Mr. Speaker, Vic Toews wife now denies that she took a $1-million kickback from a first nations chief who was directly involved with her husband, the senior minister for Manitoba. She says it was no more than $50,000 tops, as if that makes it okay. I know it is peanuts on the scale of Conservative shenanigans. Mulroney's personal rogues would not even get out of bed for that kind of chump change.

Would the government not agree that it is time to tighten up on the post-employment rules for ministers and their spouses so that they cannot exploit the time they spent in public office for personal and private gain?

EthicsOral Questions

11:35 a.m.

Oak Ridges—Markham Ontario

Conservative

Paul Calandra ConservativeParliamentary Secretary to the Prime Minister and for Intergovernmental Affairs

Mr. Speaker, this is a dispute between three individuals, none of which is the federal government. At the same time, when it comes to accountability, it is the NDP that owes Canadian taxpayers close to $5 million for illegal offices. That is $2.7 million for illegal offices and millions of dollars for illegal mailings, and they refuse to pay that money back.
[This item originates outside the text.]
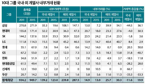 29일 공정거래위원회와 재벌닷컴 등에 따르면, 총수 일가가 있는 10대그룹(2017년 공정자산 기준, 포스코·KT는 제외)의 국내외 계열사에 대한 내부거래는 2011년 379조원에서 2015년 410조5000억원으로, 4년새 31조5000억원(8.51%) 증가했다. 국내 계열사에 대한 내부거래는 16조2000억원(11.6%) 감소했으나, 해외 계열사 내부거래가 47조7000억원(19.9%) 크게 늘었다.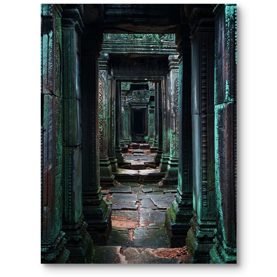 Prezentowany plakat ukazuje mistyczny korytarz starożytnej świątyni, którego atmosferę budują bogato zdobione kolumny oraz zagadkowy klimat wąskiego przejścia prowadzącego w nieznane. Każdy szczegół oddaje niezwykłą historię dawnych cywilizacji, zapraszając do odkrywania ich tajemnic.

When it comes to accountability, they have nothing to talk about. They took illegal money from unions. They have illegally taken money from Canadian taxpayers, and now they are refusing to even pay it back.

EthicsOral Questions

11:40 a.m.

Liberal

Scott Simms Liberal Bonavista—Gander—Grand Falls—Windsor, NL

Mr. Speaker, since 2011, 70% of funding under the enabling accessibility fund has been spent in Conservative ridings. Conservatives have been using a program designed to help those with disabilities as a political slush fund to reward their friends.

If that is not bad enough, now the Prime Minister himself ensured that a failed application was put on top of the pile, fast-tracked, and given over $1 million. It is like Duffy all over again.

There is one word for this bad behaviour; it is called corruption. How can he defend it?